Gerücht #7 Never change a winning Team
Es ist durchaus richtig, dass Teams Stabilität bzw. eine gewisse Zeit brauchen, um Aufgabeneffektivität und -effizienz, ein gemeinsames Verständnis, Vertrauen und Teamgeist zu entwickeln. Högl gibt jedoch zu bedenken, dass wenn sich die Aufgabenanforderungen grundlegend ändern, immer auch die Teams umgebaut werden sollten. Zudem singt auf Dauer in der Regel die Kreativität.  
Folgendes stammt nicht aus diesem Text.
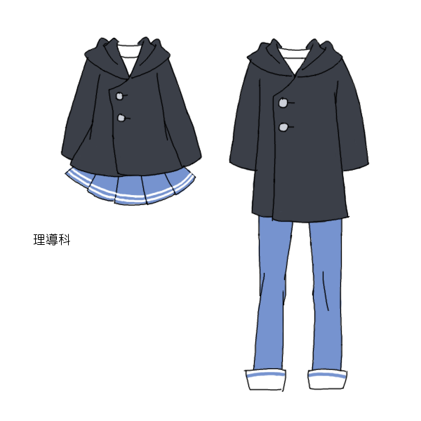性別不明でも入学できるので、どの性別がどちらの制服を着ても良い。

Als Fazit gab Högel den Webinar-Teilnehmern mit auf den Weg, dass Teams eine komplizierte Form der Arbeitsorganisation darstellen und dass die Herausforderungen, die sich daraus ergeben, stets berücksichtigt werden müssen, wenn Strategien auf Agilität, Flexibilität und internationale Zusammenarbeit ausgelegt sind.
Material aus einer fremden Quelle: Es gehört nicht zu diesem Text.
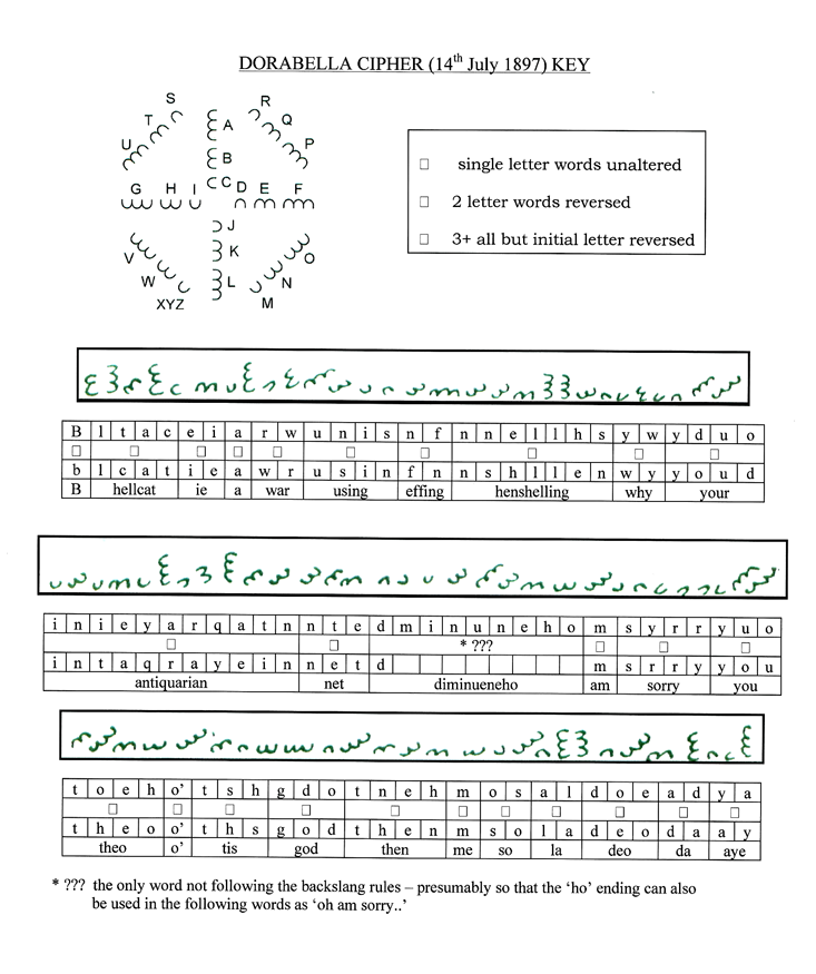 Gaffney noted that Elgar loved and often used phonetic spellings (“My Dear Dorabellllla—How many ells long is that”) and “backslang,” where, for instance, the word “cipher” becomes “crehpi.” Applying backslang to his alphabetic rendering of the note, inserting word divisions, and taking into account phonetic spellings, Gaffney determined the note read:

Als nächster Referent war Carsten Sambraus, Managing Partner bei orange green & water, an der Reihe. Nach einigen einleitenden Worten zu Planung und Strategie ging Sambraus der Frage nach, wie die Agilität in der strategischen Planung erhöht werden kann. Wie schaffen wir es, weg von starren Planungszyklen und hin zu einer kontinuierlichen strategischen Planung zu kommen? Seine Antwort auf diese Frage war eindeutig: Indem man eine Struktur in Form von effektiven Planungstemplates" vorgibt. Dies, so Sambraus, kann durch IT Unterstützung geschehen. Es gibt kaum Prozesse, die so wenig IT Unterstützung finden, wie der strategische Planungsprozess", sagt er. Als wichtige Anforderungen an Strategiesoftware nannte er dabei zwei Punkte: Zum einen die Berücksichtigung weicher Daten, wie Trends und Marktanalysen, und deren Verknüpfung mit harten Kennzahlen. Und zum anderen ein ganzheitliches Vorgehen. Das heißt, die einzelnen Prozessschritte sollten alle mit einer einzigen Software abgedeckt werden, sodass es zu keinem Medienbruch und letztlich Informationsverlust kommen kann.


Damit war eine gelungene Überleitung zum Vortrag von Alexander Zimmermann gegeben, der den Webinar-Teilnehmern die von der SOLYP Informatik GmbH entwickelte strategische Planungssoftware SOLYP3 vorstellte. SOLYP3 basiert auf digitalen Fragebögen die das gesamte strategische Wissen eines Unternehmens strukturiert und standardisiert einsammeln und für eine intelligente Analyse zur Verfügungen stellen. Dabei werden neben Kennzahlen auch weiche Daten erfasst und mit harten Daten verknüpft. Die wesentlichen Anforderungen an eine Strategiesoftware, wie sie zuvor von Carsten Sambraus formuliert wurden, werden somit von SOLYP3 schon heute vollauf erfüllt. Wenn Sie möchten, informieren Sie sich näher über die Vorgehensweise und Vorteile von SOLYP3 oder schauen Sie sich eine Auswahl an Beispielfragebögen an.

 

 

Über das positive Feedback der Teilnehmer am Ende der Veranstaltung haben wir uns sehr gefreut. Wir bedanken uns recht herzlich bei den Referenten und Teilnehmern und würden uns freuen, Sie auch beim nächsten Mal wieder begrüßen zu dürfen!